• _What you should do_
A verbatim copy of all the data is required, minus any images.

• _Dataset extract_
_ _ _ _ _
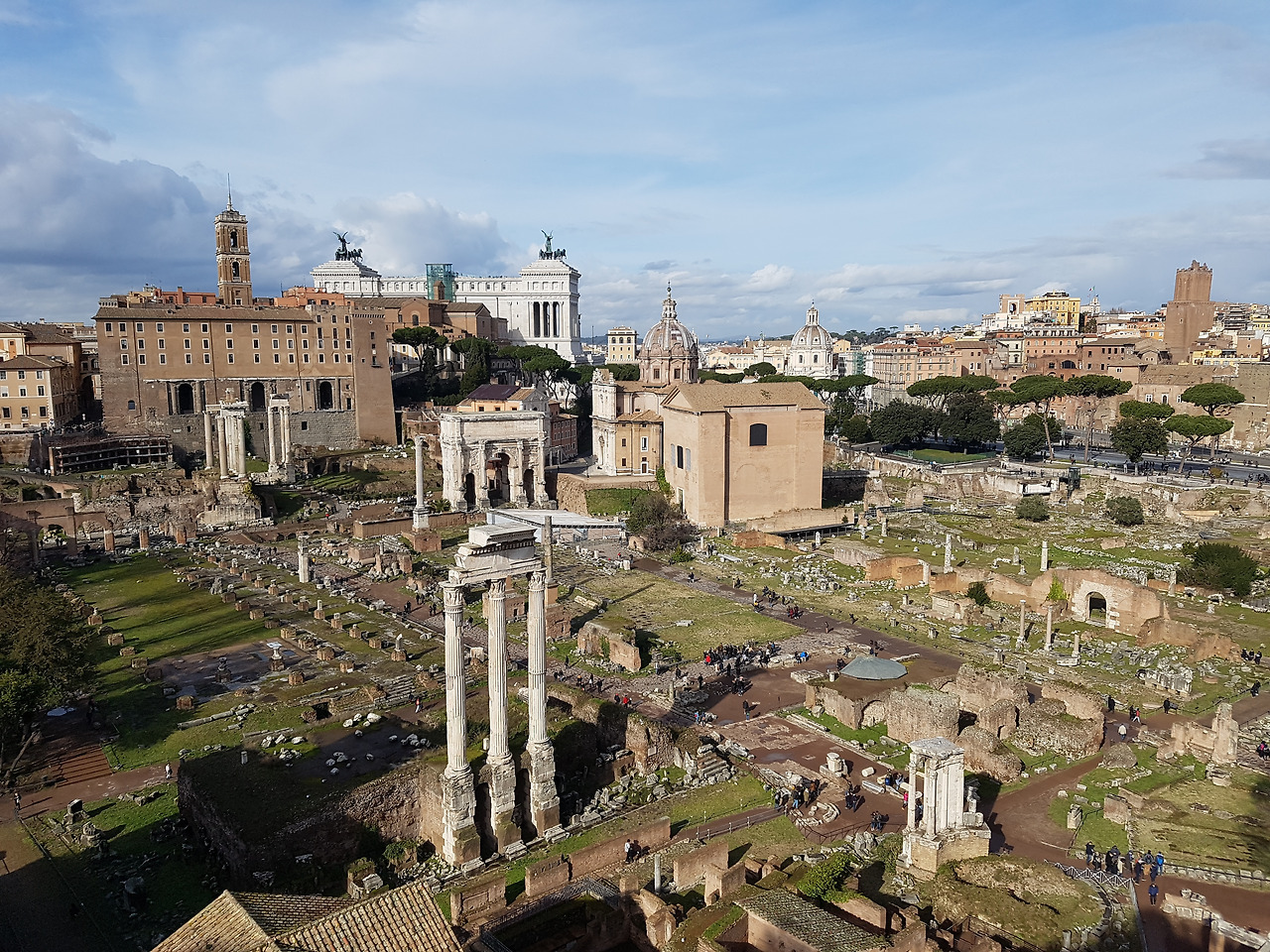 날이 개고 콜로세움을 나와서는 콘스탄티누스 개선문을 지나 바로 옆 포로 로마노로 향했다. 포로 로마노가 한눈에 내려다보이는 팔라티노 언덕에서 그 모습을 찬찬히 바라보았다. 팔라티노 언덕은 로마의 건국 시조인 로물루스, 레무스 형제가 나라를 세운 곳이라 알려져 있다. 이탈리아 독재자였던 무솔리니로 인해 파괴된 적이 있다고 하는데 그래도 이렇게 보존되어 우리의 눈에 담겨 주었다. 흐렸던 날씨에서 구름이 개고 밝은 햇살이 등장해 걷는 내내 화창한 기운을 얻고 반짝이는 유적을 카메라에 담았다. 겨울철이지만 날이 좋아져 따뜻하게 다닐 수 있었다. 그늘이 없어서 여름에는 오후에 절대 다니지 말라고 하는 구역이지만 지금은 겨울이라 오히려 시원함을 느끼며 다닐 수 있었다. 티투스 황제 개선문, 바실리카, 베스타 신전, 원로원, 카이사르가 화장되었던 곳 등 수많은 유적이 즐비한 곳이 포로 로마노라서 이곳에만 서 있어서도 오래전 로마 공화국과 제국의 번성했던 시절에 와 있는 듯한 기분이 들었다. 각 건물을 찾아보고 이름을 확인하면서 이런 폐허 유적은 손바닥을 대면 그때 모습을 들려주는 듯하여 그 옛날의 영화를 반추해보기 좋았다.
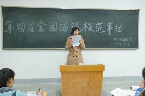 藥學(xué)系團(tuán)總支于2013年12月9日組織全體同學(xué)深入學(xué)習(xí)了“第四屆全國(guó)道德模范事跡”,一個(gè)個(gè)動(dòng)人的事跡印入耳畔,他們或充滿愛心、助人為樂,或見義勇為、舍身忘死,或敬老愛親、血脈情深。
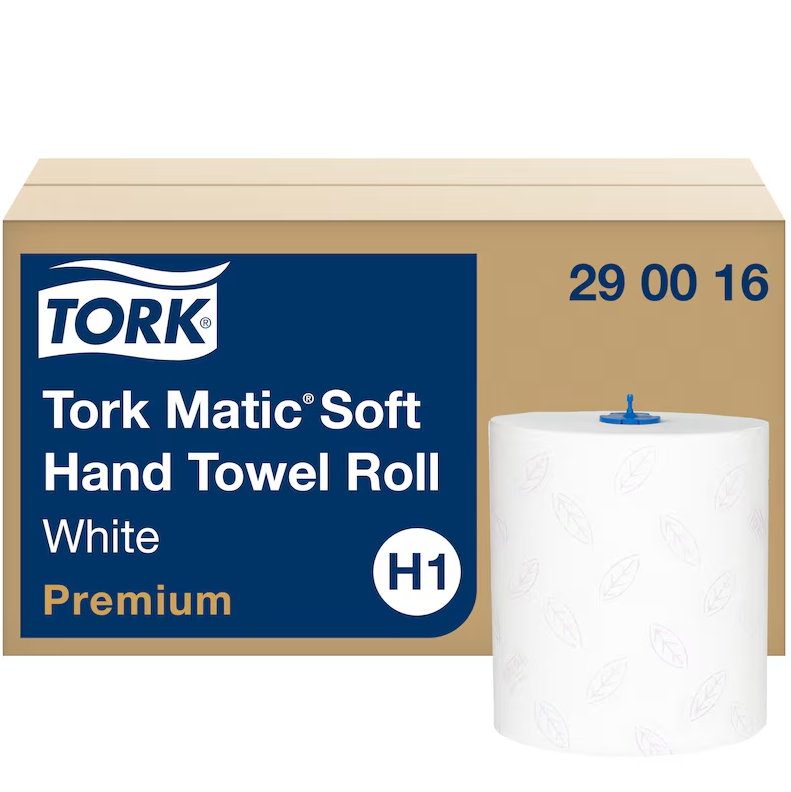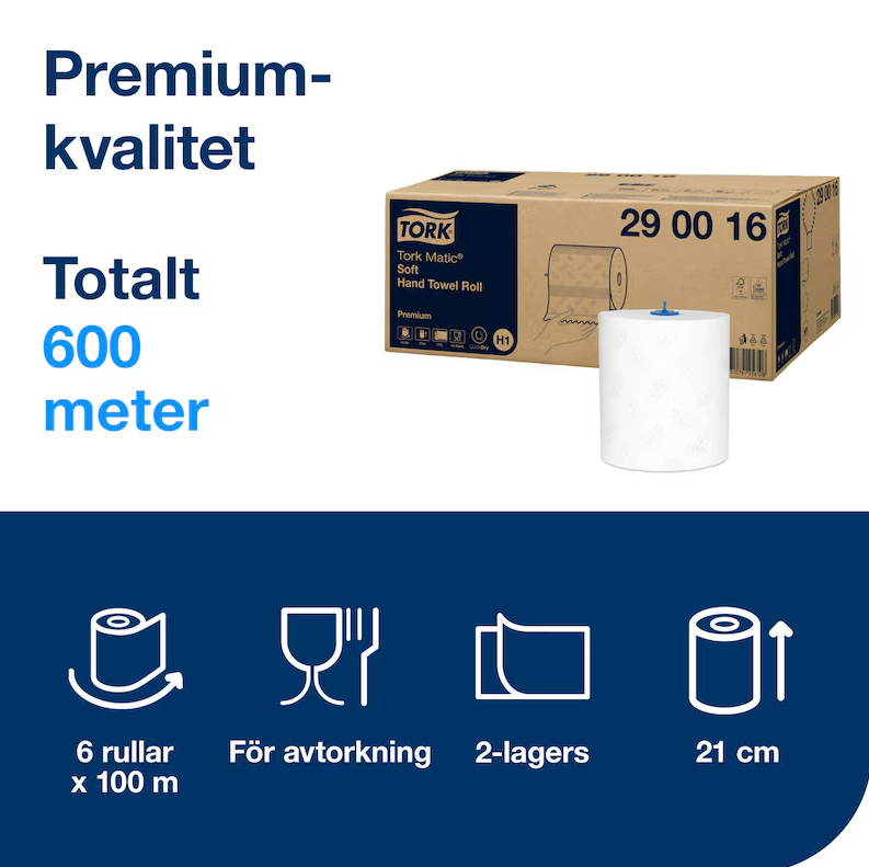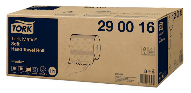 Tork Matic® Handduk på rulle passar utmärkt i högklassiga toalettutrymmen. De är mjuka och mönsterpräglade med ett snyggt blått löv. Handdukarna torkar händerna snabbt och noggrant med hjälp av funktionen QuickDry™. Rullarna passar i Tork Matic® Dispenser Handduk på rulle som har utvecklats för enkelt underhåll i välbesökta toalettutrymmen. Dispensern sparar tid och reglerar åtgången genom att mata ut ett ark i taget.
_ _ _ _ _
• _Exercise output_
 날이 개고 콜로세움을 나와서는 콘스탄티누스 개선문을 지나 바로 옆 포로 로마노로 향했다. 포로 로마노가 한눈에 내려다보이는 팔라티노 언덕에서 그 모습을 찬찬히 바라보았다. 팔라티노 언덕은 로마의 건국 시조인 로물루스, 레무스 형제가 나라를 세운 곳이라 알려져 있다. 이탈리아 독재자였던 무솔리니로 인해 파괴된 적이 있다고 하는데 그래도 이렇게 보존되어 우리의 눈에 담겨 주었다. 흐렸던 날씨에서 구름이 개고 밝은 햇살이 등장해 걷는 내내 화창한 기운을 얻고 반짝이는 유적을 카메라에 담았다. 겨울철이지만 날이 좋아져 따뜻하게 다닐 수 있었다. 그늘이 없어서 여름에는 오후에 절대 다니지 말라고 하는 구역이지만 지금은 겨울이라 오히려 시원함을 느끼며 다닐 수 있었다. 티투스 황제 개선문, 바실리카, 베스타 신전, 원로원, 카이사르가 화장되었던 곳 등 수많은 유적이 즐비한 곳이 포로 로마노라서 이곳에만 서 있어서도 오래전 로마 공화국과 제국의 번성했던 시절에 와 있는 듯한 기분이 들었다. 각 건물을 찾아보고 이름을 확인하면서 이런 폐허 유적은 손바닥을 대면 그때 모습을 들려주는 듯하여 그 옛날의 영화를 반추해보기 좋았다.
 藥學(xué)系團(tuán)總支于2013年12月9日組織全體同學(xué)深入學(xué)習(xí)了“第四屆全國(guó)道德模范事跡”,一個(gè)個(gè)動(dòng)人的事跡印入耳畔,他們或充滿愛心、助人為樂,或見義勇為、舍身忘死,或敬老愛親、血脈情深。
 Tork Matic® Handduk på rulle passar utmärkt i högklassiga toalettutrymmen. De är mjuka och mönsterpräglade med ett snyggt blått löv. Handdukarna torkar händerna snabbt och noggrant med hjälp av funktionen QuickDry™. Rullarna passar i Tork Matic® Dispenser Handduk på rulle som har utvecklats för enkelt underhåll i välbesökta toalettutrymmen. Dispensern sparar tid och reglerar åtgången genom att mata ut ett ark i taget.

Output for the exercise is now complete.